I don’t expect Chizzy to be Iggy. I don’t expect him to act the same, or nicker the same or do anything like that old man did. But oh, when he does, how it makes my heart ache. Every so often, I catch a glimpse of what Iggy taught him in his finals months on this earth. Some of the wisdom that old boy taught Chizzy before he left include:
- Come to the gate when she calls you, and nicker all the way—you won’t regret it. She ALWAYS has treats!
- Shake your head when you get a great lead change or when you get a big spot to a fence (but don’t actually buck, that takes too much energy)—it scares her, but makes her laugh and laugh.
- When she gallops you down to a single fence, prick your ears and lock on—then she’ll know you’ve got this and she can stop micromanaging every footfall.
- Load yourself into the trailer. The field trips she takes you on are always fun.
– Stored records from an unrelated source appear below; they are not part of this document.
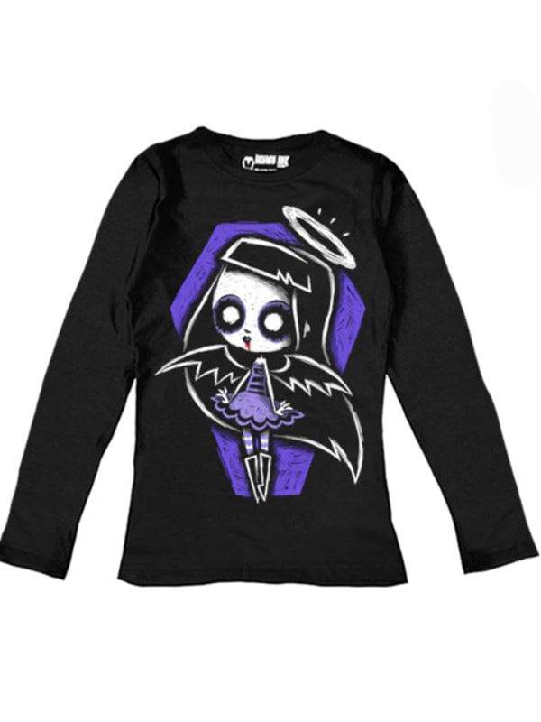 Akumu Ink Black Women's Top with Art Print and Back Logo, 100% Cotton Fashion Tee
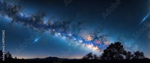 © Qbertstudio, Fototapeta premium A stunning view of the Milky Way, showcasing a star-filled sky over a tranquil landscape, perfect for astronomy and nature enthusiasts.
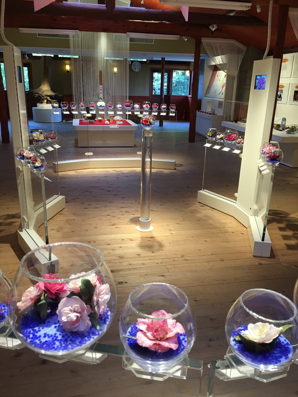 丸いガラス水槽に入った椿の花は、あまりに色鮮やかなのでてっきりプリザーブドフラワーかと思ったら大きな勘違い。
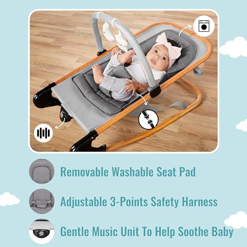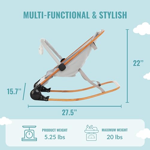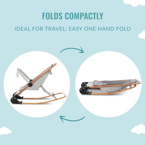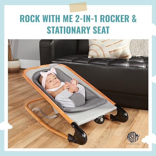 Dream on Me Rock with me 2-in-1 Rocker and Stationary Seat | Compact Portable Infant Rocker with Removable Toys Bar & Hanging Toys in Grey
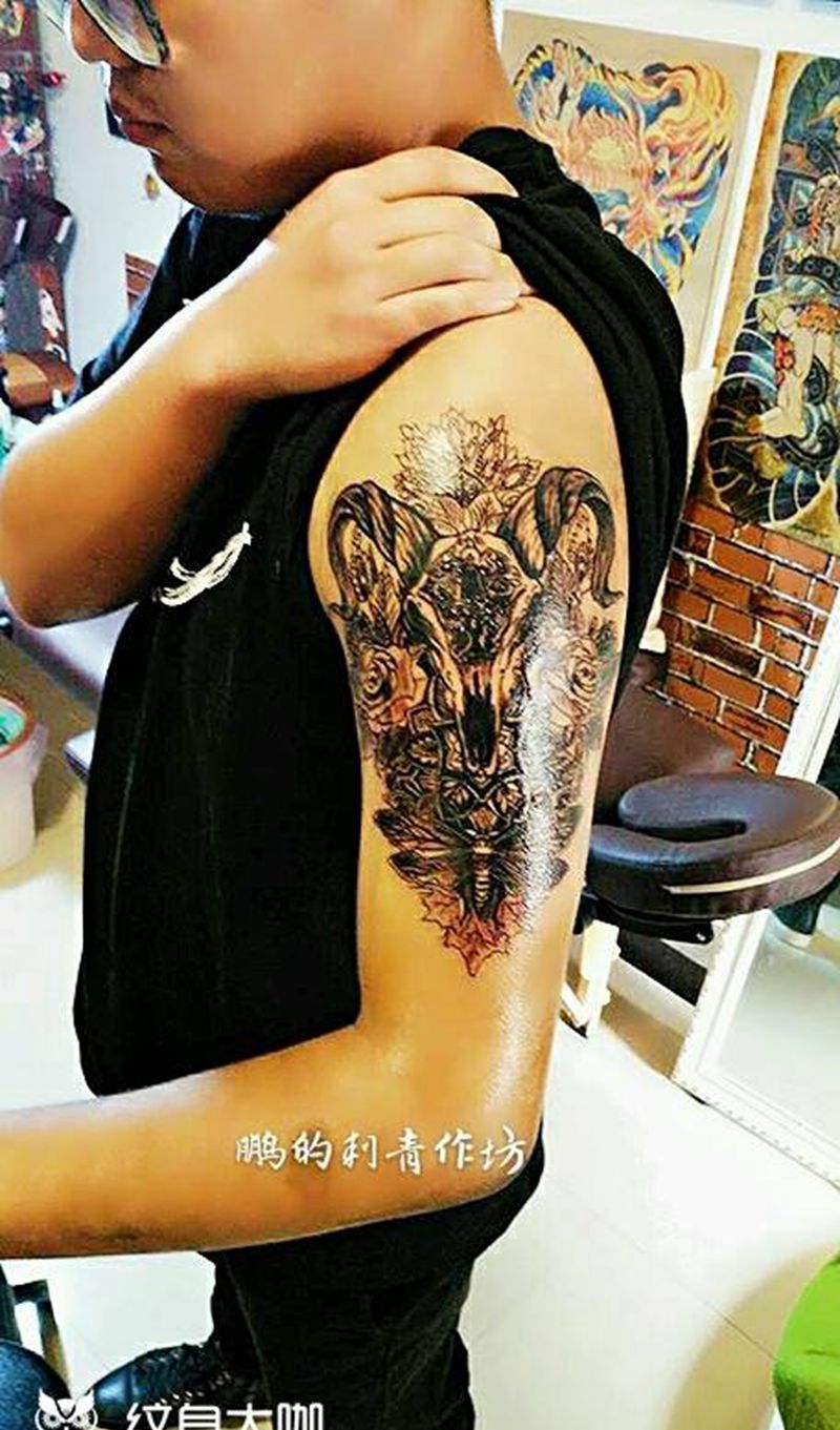 当前位置: 首页 >新疆乌鲁木齐市纹身店-捌零玖刺青纹身图案>暗黑羊头纹身图片_手臂欧美动物成品纹身图案
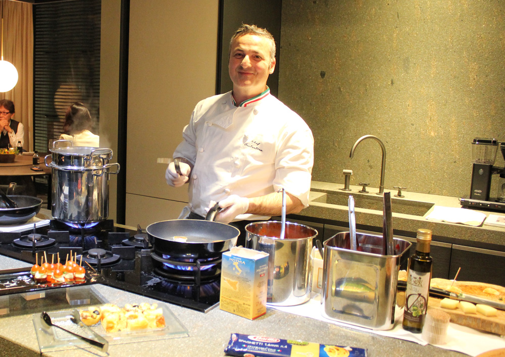 フード&ワインマガジン『ワイナート』とコラボレーションし、「スーパータスカン」 と呼ばれる最高級の品質と味わいを誇る赤ワインを中心に、トスカーナ州のワインを「Molteni&C HOME (モルテーニ・ホーム)」で、 シェフが提供するフィンガーフードとともに楽しむイベントを開催しました。 さらにイベントでは、イタリアワインに関する執筆等で広く活躍するジャーナリスト 宮嶋勲さんによるトークセミナーも開催。特別な夜のひとときとなりました。
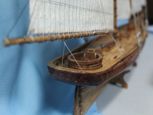 本当は船体と滑車との間は鉄板のようなのですが、糸で済ませています。
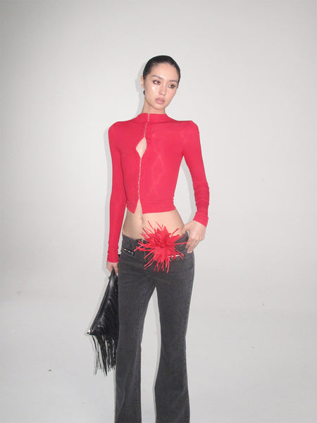 PAIKI | Wing-Shaped Fiery Pattern Distressed Cr...
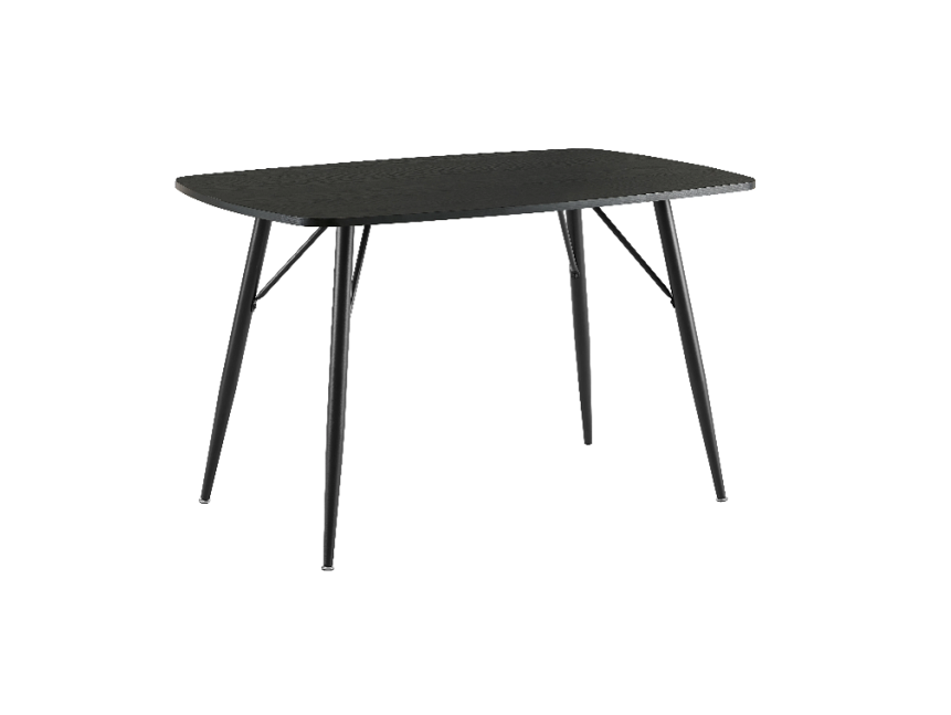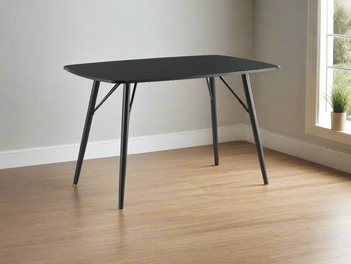 שולחן אוכל המורכב מפלטה MDF בציפוי מלמין, רגלי מתכת שחורות בגימור מט
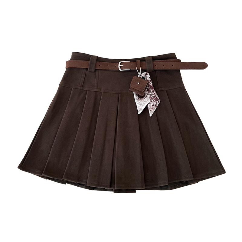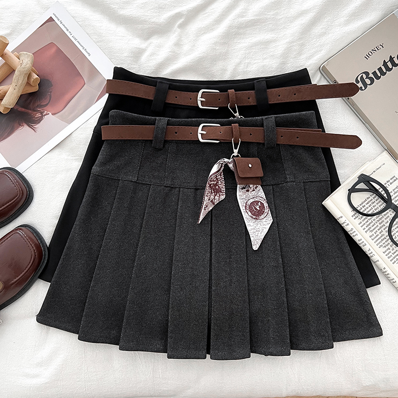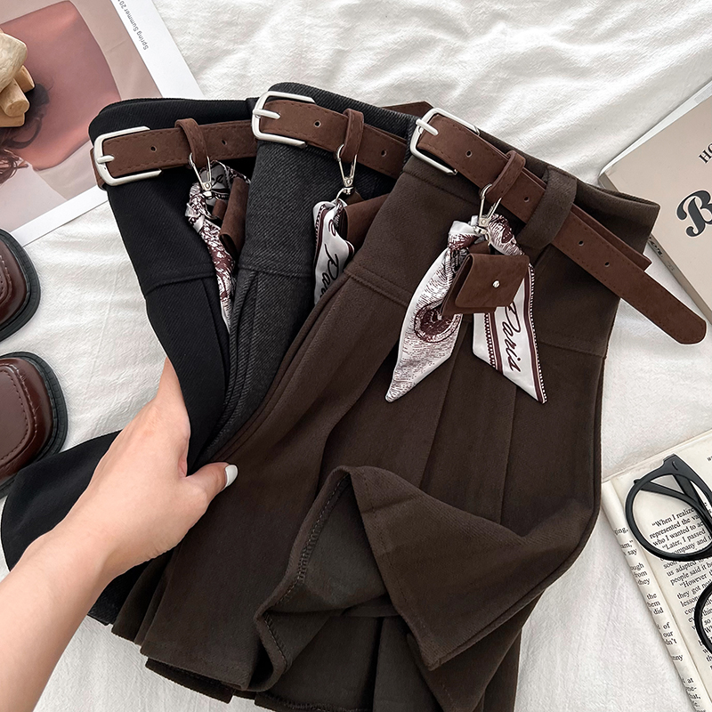 韩版设计感时尚毛呢高腰显瘦半身裙百褶裙防走光短裙a字裙配皮带

- Open your mouth before she even offers you the bit. She loves to know you want to work for her.
Three Little Words
I turned that sweet little red horse out today, in his older brother’s sheet (because of COURSE he had played too hard and ruined his) and once again I got that little twinge of sadness that there were not two red horses in the field. But I kissed him on the nose, told him to be good, and turning away said something I haven’t since June 29: “Bye, buddy. See you in the morning … I love you.”
How sweet those three words felt leaving my lips.
And I do love him. I love him for what he is: silly, sweet and uncompromisingly himself. And I love him more dearly for everything he is not: My Iggy J. How lucky was I to have two red horses to love, if only for a short amount of time.
Sarah Coleman has a soft spot for chestnuts with chrome, including her off-the-track Thoroughbred that she competes in the hunters. Based in Lexington, Ky., she is the Director of Education and Development for New Vocations Racehorse Adoption Program.
A beautiful story of love and loss and allowing yourself to feel again. I lost 2 horses within exactly 1 year of each other for 2 different reasons. Vera in 2013 and Promise in 2014. I still cry for them and the futures we have been cheated out of. Thank you for sharing your story…a tribute to the love and trust between you and your Iggy J. Luckily, I now have Flicka and am looking forward to the bond we can forge.
I have always heard, the best go first, and it seems so true. Even a horse that is in their 20’s, when they leave it is way to soon. I have many I still miss.
We just lost one of our two horses and my other horse is grieving. They go through the pain that we do as well. I know that he can learn to love again too.